Data Modeling for PLG in Data Warehouses
Read our recommended best practices on how to model data in your data warehouse so that your GTM teams can use it to connect with the best customers
Why does your data model matter in PLG?
Cloud Data Warehouses are absolute gold mines that contain product and customer data. However, data that is blindly extracted from sources and loaded into Cloud Data Warehouses must be transformed in order to have any value to the business teams who need to leverage this data.Many products today sit on top of data warehouses to provide things like product analytics, marketing automation, customer lifecycle automation, reporting, or visibility (PLG CRMs). These products cannot be leveraged effectively if the right views are not built in CDWs.
Best Practices you should follow when modeling your data
When working with customers looking to build out a PLG GTM motion, we recommend the following best practices when designing a data schema:
Create one table that includes ALL your accounts. This will act as your “source of truth” list of all accounts.
Create one table that includes ALL your users. This will act as your “source of truth” list of all users. Include account IDs in this table as well, so that you can use this table to map users to accounts.
Use positive usage signals in conversations with stakeholders
As much as possible, store information about your accounts in the accounts table, and users in the users table. You can create multiple tables that describe accounts and users, but if downstream applications consume data from multiple tables, there is no guarantee that both tables will be read at the same time or in the right order.
Include timestamps for when the row in the cloud data warehouse was updated, not when the data was generated in the upstream data source. This enables incremental processing for downstream applications.
Carefully consider how you define NULLs in your columns. If NULLs are equivalent to 0, COALESCE these values.

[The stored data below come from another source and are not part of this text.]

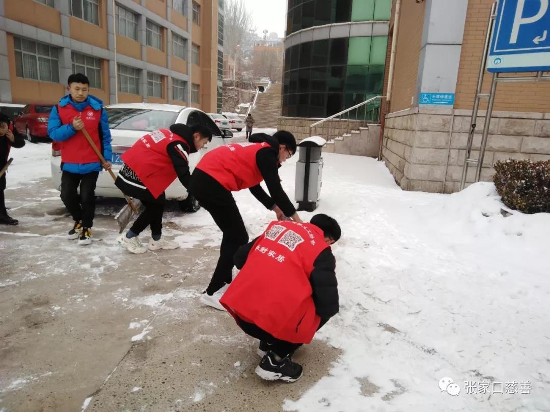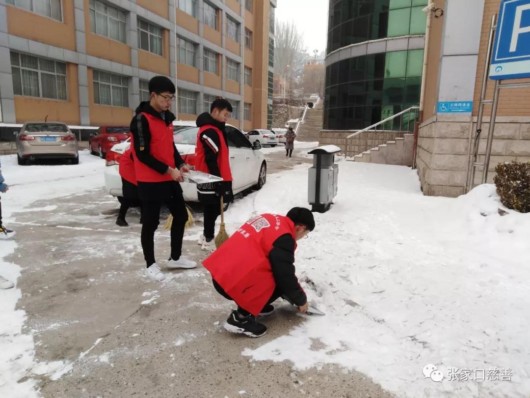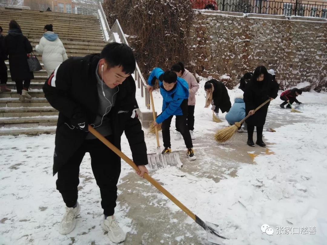 保证道路畅通,在12月16日上午九点半到下午两点,张家口大学生医学志愿者服务队带领15位队员组织了一场校园扫雪活动。各位队员顶风冒雪,不畏严寒,男生挥着铁锹用力铲开地面被踩实的层层白雪,女生在后边认真细致的将雪清扫干净,由于工具不足,部分队员们甚至用拖布清扫积雪。在扫雪过程中,欢笑洋溢在每位队员的脸上!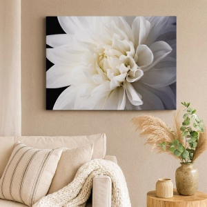 Delicatețea florii albe simbolizează puritatea și frumusețea, iar detaliile sale subtile încântă prin precizia lor. Contrastul cu fundalul întunecat conferă compoziției profunzime și expresivitate, făcând ca pictura să atragă atenția și să devină un punct focal al decorului. Datorită stilului său minimalist, se îmbină perfect cu o varietate de designuri interioare - de la modern la clasic.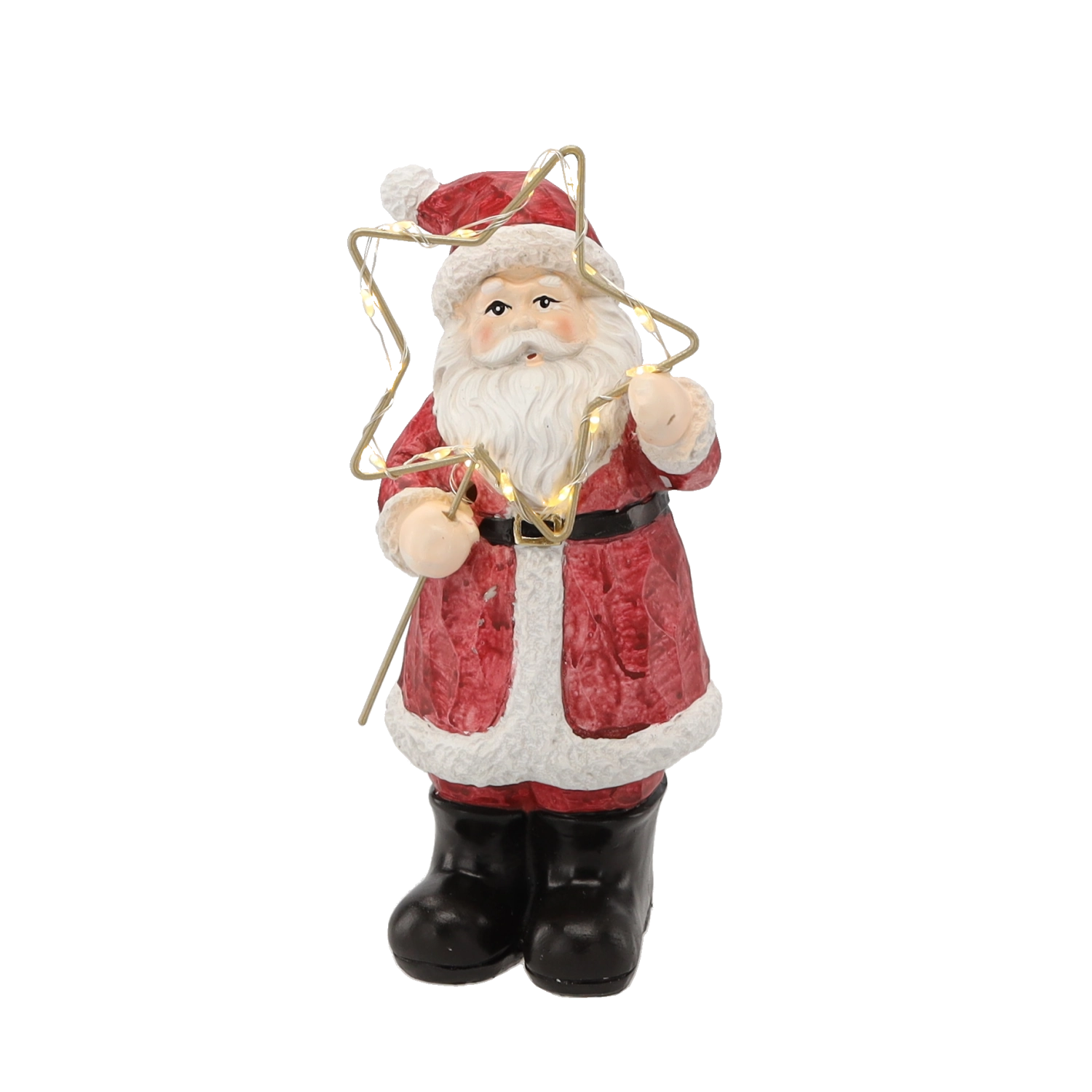 Giv dit hjem et varmt skær med denne charmerende juledekoration: en stående julemand, der holder en gylden stjerne med integreret LED-belysning. Den detaljerede figur og det varme lys skaber en hyggelig, festlig stemning på hylde, kommode eller vindueskarm.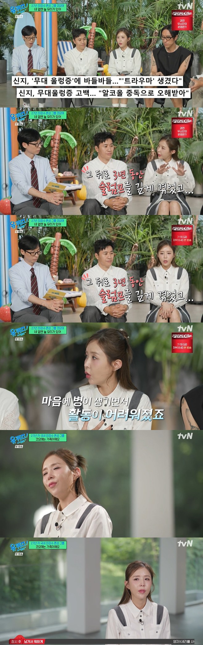 tvN‘유퀴즈온더블럭’캡처tvN‘유퀴즈온더블럭’캡처[뉴스엔서유나기자]코요태신지가멤버들에대한미안함과고마움을고백했다.7월16일방송된tvN예능'유퀴즈온더블럭'(이하'유퀴즈')302회에는27년차최장수혼성그룹코요태김종민,빽가,신지가게스트로출연했다.이날빽가는최근신지의결혼논란이후본인의소셜계정에올려화제가된단체사진을언급했다.빽가는"제가올린사진이제휴대폰배경화면이다.아무생각없이매일보는건데,보는데'우리가가족이구나'(싶더라).갑자기이승환형의'가족'이생각나는거다.샤워하면서틀어놨는데진짜눈물이날것같은거다.우리코요태가20년넘는게샤워하면서돌아가는거다.그러면서'진짜내가정말이렇게멤버들을신지를생각하는구나'를저도몰랐던걸알게됐다"고밝혔다.신지는"제가안좋은방향으로이야기들이흘러가니까속상했을것.그러다보니까옛날생각도하게된것같다"며이런빽가의마음을충분히이해했다.결국울컥한신지는"제가잘해야한다.하다보면저한테는가족이코요태고코요태가신지고신지가코요태가자연스럽게연결된다.혹여라도팀에피해가갈까봐.저는댓글이나반응을다본다.가끔'너때문에코요태끝났다','너때문에코요태망했다'는댓글이어떤댓글보다무섭고아프고힘들다.저희는굳건한데저하나때문에혹시라도멤버들까지휩쓸려서미움을받을까봐걱정이긴한데멤버들은늘얘기한다.'우리아무것도없이시작했다.너한텐우리가있잖아'라고얘기해줘서그게힘이된다.미안하기도하고"고말했다.김종민은"신지야,정말어릴때부터코요태를지키느라고.그러다보니외부에서일어나는받아들이기쉽지않은일이많았을텐데앞으로본인행복에많이신경썼으면좋겠다"고마음을전했다.한편지난달7살연하가수문원과결혼을발표한신지는최근예비남편과관련한여러논란으로힘든시간을보냈다.7월2일채널'어떠신지'를통해공개된'상견례'콘텐츠에서문원이이혼경험과딸이있다는사실을신지에게감정이깊어진뒤에야고백했다고털어놓으며파장이일어난것.여기에문원의"신지가유명한사람인줄몰랐다"는발언과김종민,빽가에게보인태도도누리꾼들의질타를받았으며,문원에대한폭로성댓글까지쏟아지면서대중들은우려를표했다.하지만신지소속사제이지스타측은8일공식입장문을통해문원을둘러싼각종의혹을해명하며루머를정정했다.또"당사는아티스트를보호하기위해최선을다할것이며,허위사실을유포하거나명예를훼손시키는행위에대해서는법적대응등을검토할수있다는점말씀드린다"고알렸다.신지역시9일본인의소셜미디어서비스계정을통해"여러분의걱정어린의견과의혹을소속사와함께모두확인했으며의혹은모두사실이아니라는것을확인했다"며"여러분들께서보내주신관심과우려의말씀들을충분히이해하고있다.고민하고더살피도록하겠다"고전했다.뉴스엔서유나stranger77@기사제보및보도자료[email protected]ⓒ뉴스엔.무단전재&재배포금지Copyright©뉴스엔.무단전재및재배포금지.

Here’s an example of how your Users table might be structured. The Users table should only have one distinct row per (updated_at, account_id) value. Included are some examples of column values you might want to include in your Users table.

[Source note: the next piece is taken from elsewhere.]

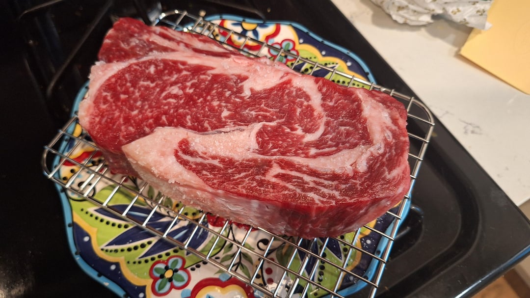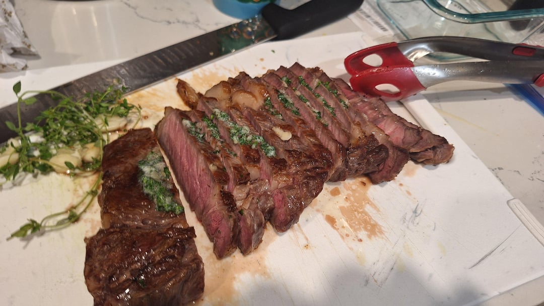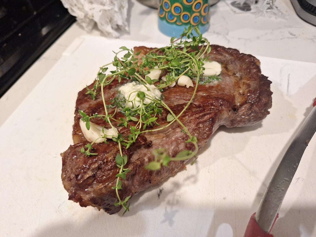 Reverse sear, took it to 120 on the cool side of the grill. Then took it off, crank the heat and put on the cast iron pan. Gave it a good couple minutes on each side. Still a good amount of gristle but I rarely cook ribeye so not sure if that was avoidable, but extremely tender all around. The asparagus was fabulous as well. Peeled & blanched earlier in the day then sat cooking as I seared the steak. I love having the time to prepare a nice meal.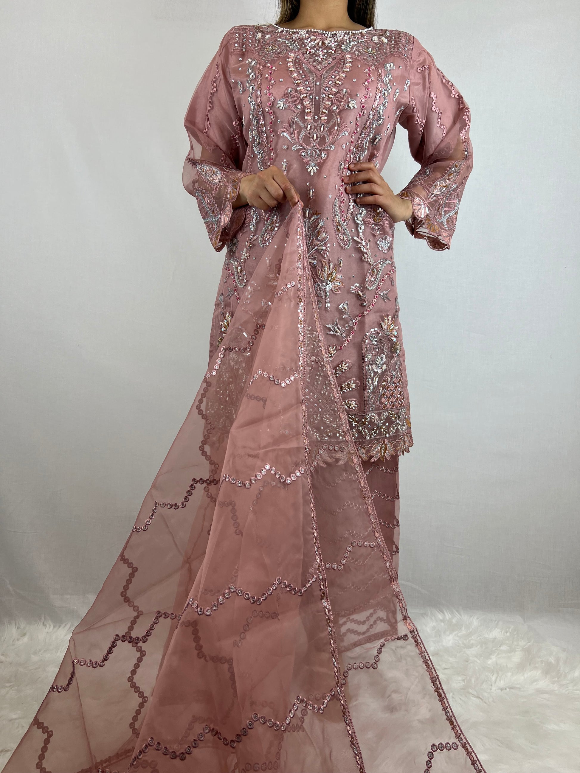 Get ready to sparkle in this fabulous dress from our Kismat Collection. Featuring Zardozi embroidery, palazzo trousers and dupatta with detailing.

Here’s an example of how your Accounts table might be structured. The Accounts table should only have one distinct row per (updated_at, account_id) value. Included are some examples of column values you might want to include in your Accounts table.
Modeling and Transforming Product Usage Events
One of the most powerful benefits associated with using a CDW is that you can combine data from multiple sources, transform that data, and build views that are useful to business teams. There are a variety of ways to represent Product Usage Events, which we will outline below.
These metrics are “point-in-time” metrics, so each unique (updated_at, accountId) or (updated_at,userId) row will have one and only one metric value.
This is useful if you want to save space, speed up queries, and reduce noise when querying metric data. It’s also useful to store metrics in this way so that you can track change over time, given that you are storing the full history and a specified granularity level. We typically see users opt to do daily rollups.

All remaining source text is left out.